Louisiana I-310 Project Wins Award

The recently opened I-310 section constructecl by T.L. James Sr Company Inc. was recently awarded the prestigious 1992 Build America Award in the Highway Division category. This award recognizes excellence in the construction industry. The almost two-mile section of I-310 consisted of twin bridges built through environmentally sensitive, protected wetlands. There were no alternative corridors. The structures were built using "end-on" construction techniques with each section being built from the previous section from the top down. This difficult and unique project was completed well ahead of schedule enabling the complete I-310 corridor to be opened on May 7.

Star (*) DUI Program Works in Colorado

The Colorado Department of Transportation reports that more than 1,200 suspected drunk drivers were reported to law enforcement agencies by Colorado motorists in the first three months of 1993. More than one-fourth of the reports were made from cellular telephones using the "* DUI" number.

North Carolina Selects Route for I-73

On May 11, North Carolina officials announced the selection of the route of I-73 through the state I-73, a new north-south interstate highway between Charleston, S.C., and Detroit, Mich., was included in the Intermodal Surface Transportation Efficiency Act of 1991.

I-73 will enter North Carolina on I-77 at the Virginia state line in Surry County. It will use I-77 to the U.S. 52 Connector north of Pine Ridge and then use U.S. 52 through Stokes and Forsyth counties to U.S. 311 in Winston-Salem. From there, the highway will use U.S. 311 through Guilford and Randolph counties to U.S. 220 north of Asheboro. From there, the interstate will use U.S. 220 through Randolph, Montgomery, and Richmond counties to U.S. 1 in Rockingham and then exit the state on U.S. 1 at the South Carolina state line.

Except for the I-77 segment in Surry County, none of the highways to be used for I-73 are built to interstate standards. Although those are scheduled in the N.C. Department of Transportation's Transportation Improvement Program to be upgraded to multilane highways, additional funds will be required to bring them to interstate standards. Existing state and federal funds will be used since no additional funding for I-73 in North Carolina was designated in the federal legislation.
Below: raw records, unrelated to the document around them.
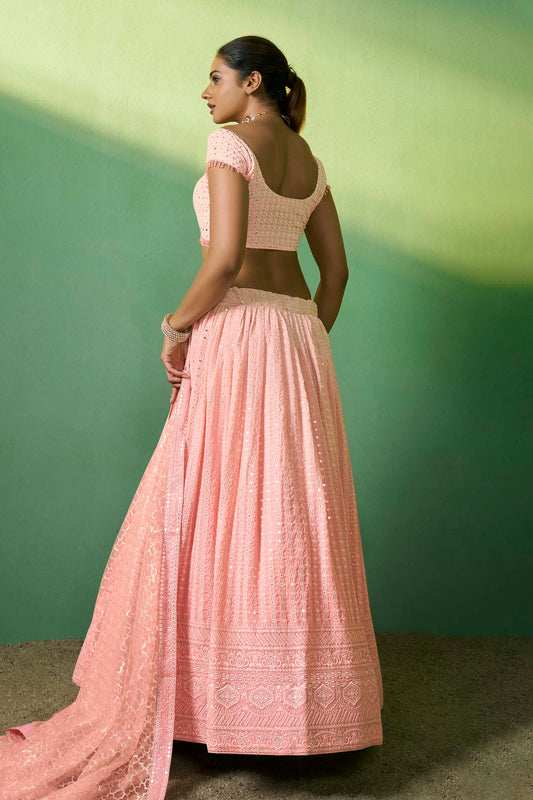 Light Pink Colour Embroidery Georgette Lehenga Choli VSLD1080784
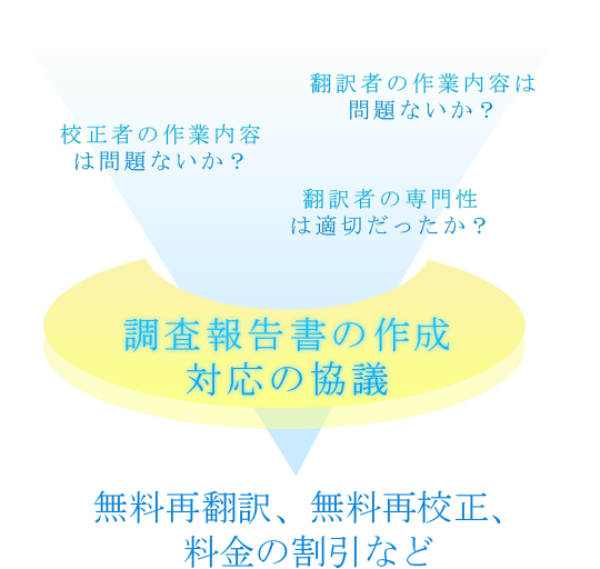 品質(zhì)管理チェックでは、翻訳者?クロスチェッカー?校正者(ネイティブチェッカー)それぞれの工程で瑕疵がなかったかどうかを調(diào)査します。調(diào)査結(jié)果に基づいてお客様に適切な対応をさせていただきます。
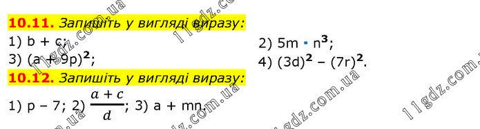 10.11. Запишіть у вигляді виразу: 1) b + c; 3) (a + 9p)2; 2) 5m ∙ n3; 4) (3d)2 – (7r)2. 10.12. Запишіть у вигляді виразу: 1) p – 7; 2) (a + c)/d; 3) a + mn.
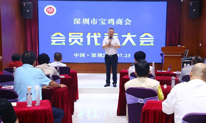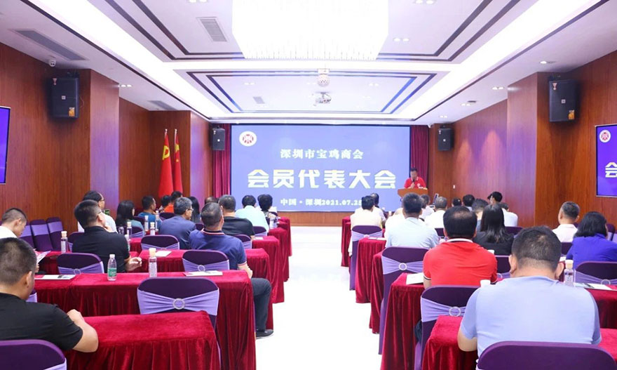 7月25日,深圳市宝鸡商会三届三次会员代表大会暨换届选举大会在深圳市智慧谷创成汇一楼报告厅顺利召开!宝鸡市政府驻深联络处冯宝平主任、原深圳市政协主任兼深圳市政协港澳台侨和外事委员会专职副主任董兵团和全体会员代表,以及部分在深宝鸡籍老领导、书法艺术家、企业家等行业知名专家60余人出席了此次大会。
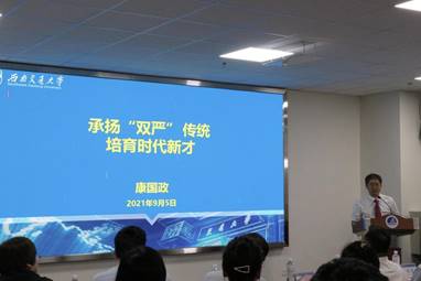 学院院长康国政介绍学院情况。康院长主要从学院架构、学院发展历程、师资力量、学科优势、科研成果、学生就业深造情况以及各类完备体系等方面详细展示了学院的雄厚力量。通过康院长的介绍,相信2021级新生们对学院有了更深的了解,也对自己未来的发展有了更清晰的定位。
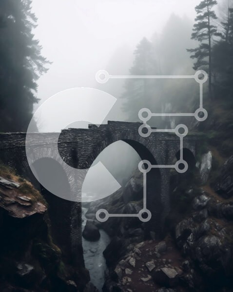 Υπάρχει δυνατότητα προσωποποίησης με δική σας φωτογραφία και προσαρμογής διαστάσεων κατόπιν παραγγελίας. Το συγεκεριμενο puzzle παρουσιαζει Αυτή η εικόνα απαθανατίζει μια πέτρινη γέφυρα που εκτείνεται σε ένα ομιχλώδες φαράγγι στα βουνά. Το γεφύρι είναι φτιαγμένο από ακατέργαστη πέτρα με πολλές καμάρες, ενώ τα δέντρα στις πλευρές του φαραγγιού είναι στριμμένα και ροκανισμένα. Η ομίχλη δημιουργεί μια απόκοσμη και μυ
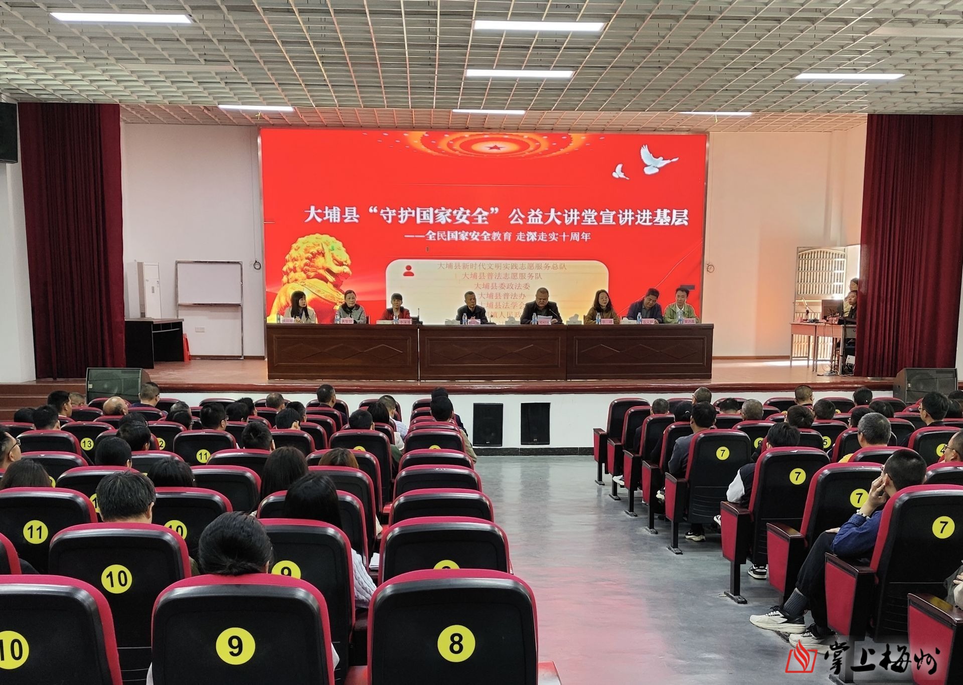 掌上梅州讯 4月14日,在大埔县新时代文明实践志愿服务总队指导下,大埔县普法办联合大埔县委政法委、大埔县法学会到枫朗镇组织开展“守护国家安全”公益大讲堂进基层宣讲活动。本次活动邀请广东法泰律师事务所律师黄丽珊进行授课,大埔县司法局副局长赖国营、大埔县委政法委调研室主任张璐等一行、枫朗镇全体镇村干部和枫朗镇“法律明白人”参加了本次会议。
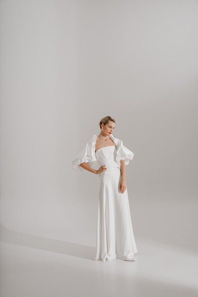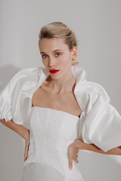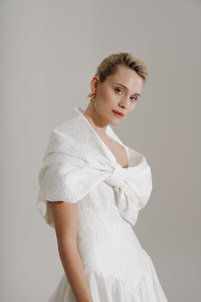 Das Statement-Piece? KEALA - ein drapierter Satin - Bolero, der jedes Bridal-Outfit in pure Couture verwandelt.
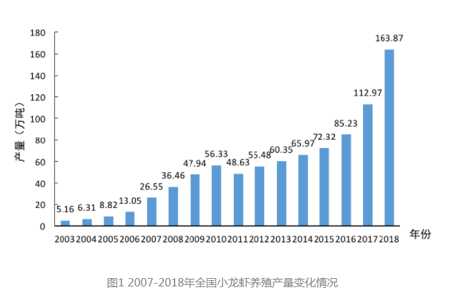 隨著生活水平的提高,人們對“食”提出了更高要求,色香味俱全的美食往往也更讓人難以抗拒?;疱仧拘↓埼r作為當代青年人的“最愛”,已獨得恩寵許多年,尤其是小龍蝦。每年夏季,是吃小龍蝦的旺季。據(jù)部分媒體不完全統(tǒng)計,光南京一個城市每年的龍蝦消費量都超萬噸,而北上廣深蓉5個城市,小龍蝦門店數(shù)均超3000家。此外,據(jù)2019年中國小龍蝦產(chǎn)業(yè)發(fā)展報告顯示,小龍蝦產(chǎn)業(yè)總產(chǎn)值達3690億元,占據(jù)了第三產(chǎn)業(yè)產(chǎn)值的主導(dǎo)地位。這種巨大的消費力帶動了小龍蝦養(yǎng)殖業(yè)的發(fā)展,到2018年,全國小龍蝦養(yǎng)殖產(chǎn)量已超163萬噸。
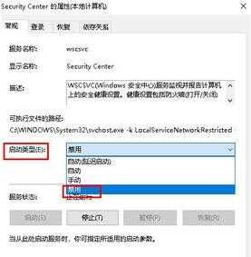 3、在页面的常规项,把启动类型改为禁用即可。

Asphalt Binder Equipment Circulates Through RMUPG

The Federal Highway Administration is continuing to monitor and support the education and training of state department of transportation personnel in the use of the new Strategic Highway Research Program (SHRP) asphalt binder equipment. The equipment and tests developed by SHRP are expected to replace the older less accurate, and less scientific asphalt binder tests for classifying asphalt cements. Currently, one trailer containing the binder equipment is being circulated through the states in the Rocky Mountain User-Producer Group, which generally corresponds to FHWA Region 8. On May 28, the trailer was moved from Wyoming to North Dakota, where it will remain for six weeks. The trailer has already visited Colorado, New Mexico, and Utah; after North Dakota, the trailer will visit Montana, Idaho and the Canadian province of Alherta before the equipment is returned to the Central Federal Lands Office in Denver.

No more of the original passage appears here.